Spin-orbit torques and magnetotransport properties of α-Sn and β-Sn heterostructures

Topological insulators have emerged as an important material class for efficient spin-charge interconversion. Most topological insulators considered to date are binary or ternary compounds, with the exception of alpha-Sn. Here we report a comprehensive characterization of the growth, magnetotransport properties, and current-induced spin-orbit torques of alpha-Sn and beta-Sn-based ferromagnetic heterostructures.

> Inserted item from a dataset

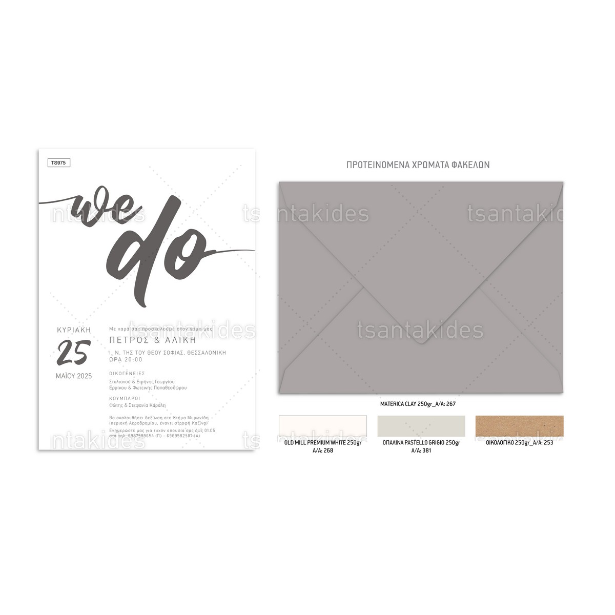 - Χαρτί Προσκλητηρίου: Για τον πάπυρο: ριζόχαρτο ή περλέ 120γρ. (λευκό/εκρού). Για την κάρτα: γκοφρέ, velvet ή περλέ 250γρ. (λευκό/εκρού).

We show that alpha-Sn grown with a Bi surfactant on CdTe(001) promotes large spin-orbit torques in a ferromagnetic FeCo layer at room temperature, comparable to Pt, whereas alpha-Sn grown without Bi surfactant and the nontopological phase, beta-Sn, induce lower torques. The dampinglike and fieldlike spin-orbit torque efficiency in alpha-Sn with Bi are 0.12 and 0.18, respectively. Further, we show that alpha-Sn grown with and without Bi presents a spin-Hall-like magnetoresistance comparable to that found in heavy metal/ferromagnet bilayers. Our work demonstrates direct and efficient charge-to-spin conversion in alpha-Sn ferromagnetic heterostructures, showing that alpha-Sn is a promising material for current-induced magnetization control in spintronic devices.